Drop all images. Then write out each line below exactly as given.
======== Data section
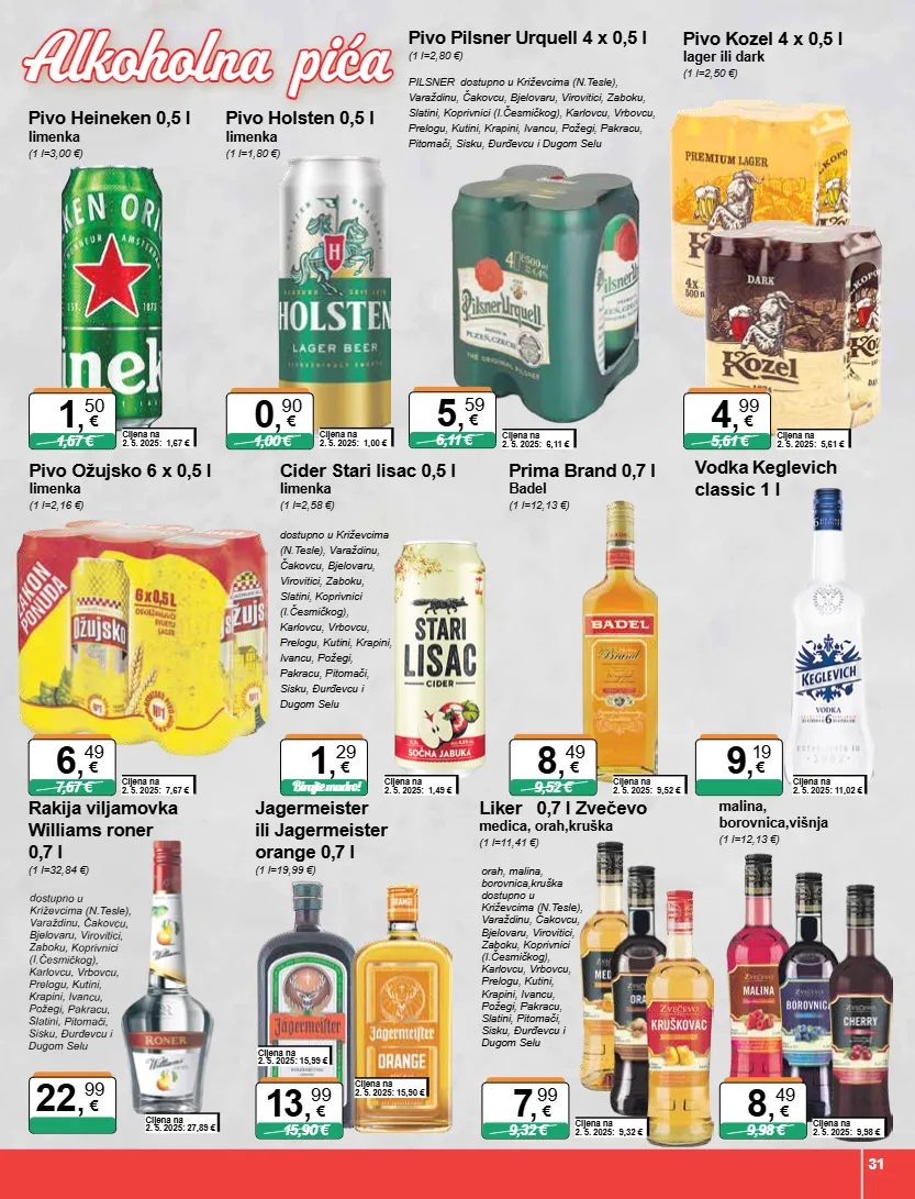 dostupno u križevcima (n.tesle), varaždinu, čakovcu, bjelovaru, virovitici, zaboku,  slatini, koprivnici  (i.česmičkog), karlovcu, vrbovcu,  prelogu, kutini, krapini,  ivancu, požegi, pakracu, pitomači, sisku, đurđevcu i  dugom selu  pilsner dostupno u križevcima (n.tesle), varaždinu, čakovcu, bjelovaru, virovitici, zaboku, slatini, koprivnici (i.česmičkog), karlovcu, vrbovcu, prelogu, kutini, krapini, ivancu, požegi, pakracu, pitomači, sisku, đurđevcu i dugom selu  cijena na 2. 5. 2025: 1,67 € cijena na 2. 5. 2025: 1,49 € cijena na 2. 5. 2025: 1,00 €   cijena na 2. 5. 2025: 5,61 € cijena na 2. 5. 2025: 6,11 € cijena na 2. 5. 2025: 7,67 € cijena na 2. 5. 2025: 15,99 € cijena na 2. 5. 2025: 15,90 € cijena na 2. 5. 2025: 27,89 € cijena na 2. 5. 2025: 9,52 € cijena na 2. 5. 2025: 11,02 € cijena na 2. 5. 2025: 9,32 € cijena na 2. 5. 2025: 9,98 €  pivo heineken 0,5 l limenka  (1 l=3,00 €)  1,67 €  1 , 50  €  cider stari lisac 0,5 l  limenka  (1 l=2,58 €)  birajte mudro!  1 , 29  € pivo holsten 0,5 l limenka  (1 l=1,80 €)  1,00 €  0 , 90  €  pivo kozel 4 x 0,5 l  lager ili dark  (1 l=2,50 €)  5,61 €  4 , 99  € pivo pilsner urquell 4 x 0,5 l  (1 l=2,80 €)  6,11 €  5 , 59  €  pivo ožujsko 6 x 0,5 l  limenka  (1 l=2,16 €)  7,67 €  6 , 49  € jagermeister ili jagermeister orange 0,7 l  (1 l=19,99 €)  15,90 €  13 , 99  € rakija viljamovka williams roner 0,7 l  (1 l=32,84 €)  22 , 99  € prima brand 0,7 l badel  (1 l=12,13 €)  8 , 49  €  vodka keglevich  classic 1 l 9 , 19  €  liker   0,7 l zvečevo  medica, orah,kruška  (1 l=11,41 €)  9,32 €  7 , 99  €  dostupno u  križevcima (n.tesle), varaždinu, čakovcu, bjelovaru, virovitici, zaboku, koprivnici (i.česmičkog), karlovcu, vrbovcu,  prelogu, kutini, krapini, ivancu,  požegi, pakracu, slatini, pitomači, sisku, đurđevcu i  dugom selu orah, malina,  borovnica,kruška  dostupno u  križevcima (n.tesle), varaždinu, čakovcu, bjelovaru, virovitici, zaboku, koprivnici (i.česmičkog), karlovcu, vrbovcu,  prelogu, kutini, krapini, ivancu,  požegi, pakracu, slatini, pitomači, sisku, đurđevcu i  dugom selu  malina, borovnica,višnja  (1 l=12,13 €)  9,98 €  8 , 49  €  9,52 €  31  alkoholna pića alkoholna pića
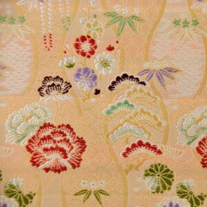 御所車の典雅で美しい文様の金襴生地 御所車は、平安時代に御所の周辺で皇族や貴族に使われる乗り物だった牛車の別称で、「玉の輿に乗れますように」との願いを込めたものです。 着物の帯や座布団ケース掛け軸、日本人形の衣装やつま
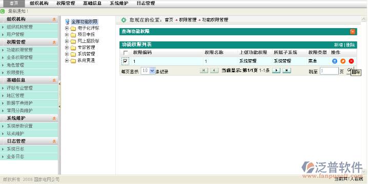 選擇要刪除的功能權限,點擊該信息列右邊的刪除按鈕,或者列表右上方的刪除按鈕
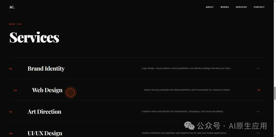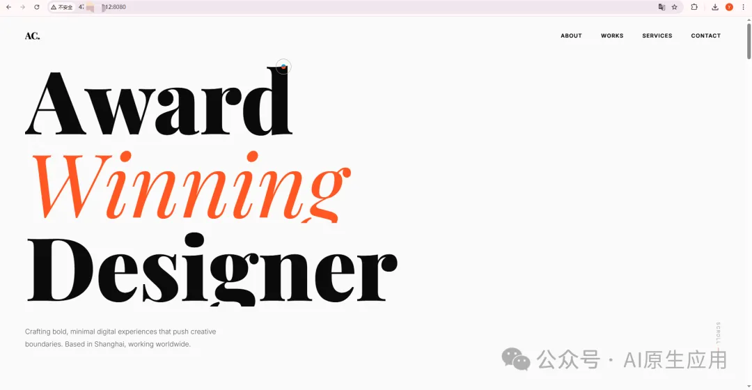 “按以下要求写个网页,然后把它部署起来,要求如下:为一位获得 Awwwards 提名的设计师设计个人网站,网站特色包括大面积留白、超大衬线字体标题、可跟随鼠标移动的自定义光标、鼠标悬停在作品集图片上时可切换视角、页面滚动时文字带有视差效果,以及仅以黑白为主色调,并以亮橙色点缀的配色方案。”
================
**Output of the task**:
 dostupno u križevcima (n.tesle), varaždinu, čakovcu, bjelovaru, virovitici, zaboku,  slatini, koprivnici  (i.česmičkog), karlovcu, vrbovcu,  prelogu, kutini, krapini,  ivancu, požegi, pakracu, pitomači, sisku, đurđevcu i  dugom selu  pilsner dostupno u križevcima (n.tesle), varaždinu, čakovcu, bjelovaru, virovitici, zaboku, slatini, koprivnici (i.česmičkog), karlovcu, vrbovcu, prelogu, kutini, krapini, ivancu, požegi, pakracu, pitomači, sisku, đurđevcu i dugom selu  cijena na 2. 5. 2025: 1,67 € cijena na 2. 5. 2025: 1,49 € cijena na 2. 5. 2025: 1,00 €   cijena na 2. 5. 2025: 5,61 € cijena na 2. 5. 2025: 6,11 € cijena na 2. 5. 2025: 7,67 € cijena na 2. 5. 2025: 15,99 € cijena na 2. 5. 2025: 15,90 € cijena na 2. 5. 2025: 27,89 € cijena na 2. 5. 2025: 9,52 € cijena na 2. 5. 2025: 11,02 € cijena na 2. 5. 2025: 9,32 € cijena na 2. 5. 2025: 9,98 €  pivo heineken 0,5 l limenka  (1 l=3,00 €)  1,67 €  1 , 50  €  cider stari lisac 0,5 l  limenka  (1 l=2,58 €)  birajte mudro!  1 , 29  € pivo holsten 0,5 l limenka  (1 l=1,80 €)  1,00 €  0 , 90  €  pivo kozel 4 x 0,5 l  lager ili dark  (1 l=2,50 €)  5,61 €  4 , 99  € pivo pilsner urquell 4 x 0,5 l  (1 l=2,80 €)  6,11 €  5 , 59  €  pivo ožujsko 6 x 0,5 l  limenka  (1 l=2,16 €)  7,67 €  6 , 49  € jagermeister ili jagermeister orange 0,7 l  (1 l=19,99 €)  15,90 €  13 , 99  € rakija viljamovka williams roner 0,7 l  (1 l=32,84 €)  22 , 99  € prima brand 0,7 l badel  (1 l=12,13 €)  8 , 49  €  vodka keglevich  classic 1 l 9 , 19  €  liker   0,7 l zvečevo  medica, orah,kruška  (1 l=11,41 €)  9,32 €  7 , 99  €  dostupno u  križevcima (n.tesle), varaždinu, čakovcu, bjelovaru, virovitici, zaboku, koprivnici (i.česmičkog), karlovcu, vrbovcu,  prelogu, kutini, krapini, ivancu,  požegi, pakracu, slatini, pitomači, sisku, đurđevcu i  dugom selu orah, malina,  borovnica,kruška  dostupno u  križevcima (n.tesle), varaždinu, čakovcu, bjelovaru, virovitici, zaboku, koprivnici (i.česmičkog), karlovcu, vrbovcu,  prelogu, kutini, krapini, ivancu,  požegi, pakracu, slatini, pitomači, sisku, đurđevcu i  dugom selu  malina, borovnica,višnja  (1 l=12,13 €)  9,98 €  8 , 49  €  9,52 €  31  alkoholna pića alkoholna pića
 御所車の典雅で美しい文様の金襴生地 御所車は、平安時代に御所の周辺で皇族や貴族に使われる乗り物だった牛車の別称で、「玉の輿に乗れますように」との願いを込めたものです。 着物の帯や座布団ケース掛け軸、日本人形の衣装やつま
 選擇要刪除的功能權限,點擊該信息列右邊的刪除按鈕,或者列表右上方的刪除按鈕
 “按以下要求写个网页,然后把它部署起来,要求如下:为一位获得 Awwwards 提名的设计师设计个人网站,网站特色包括大面积留白、超大衬线字体标题、可跟随鼠标移动的自定义光标、鼠标悬停在作品集图片上时可切换视角、页面滚动时文字带有视差效果,以及仅以黑白为主色调,并以亮橙色点缀的配色方案。”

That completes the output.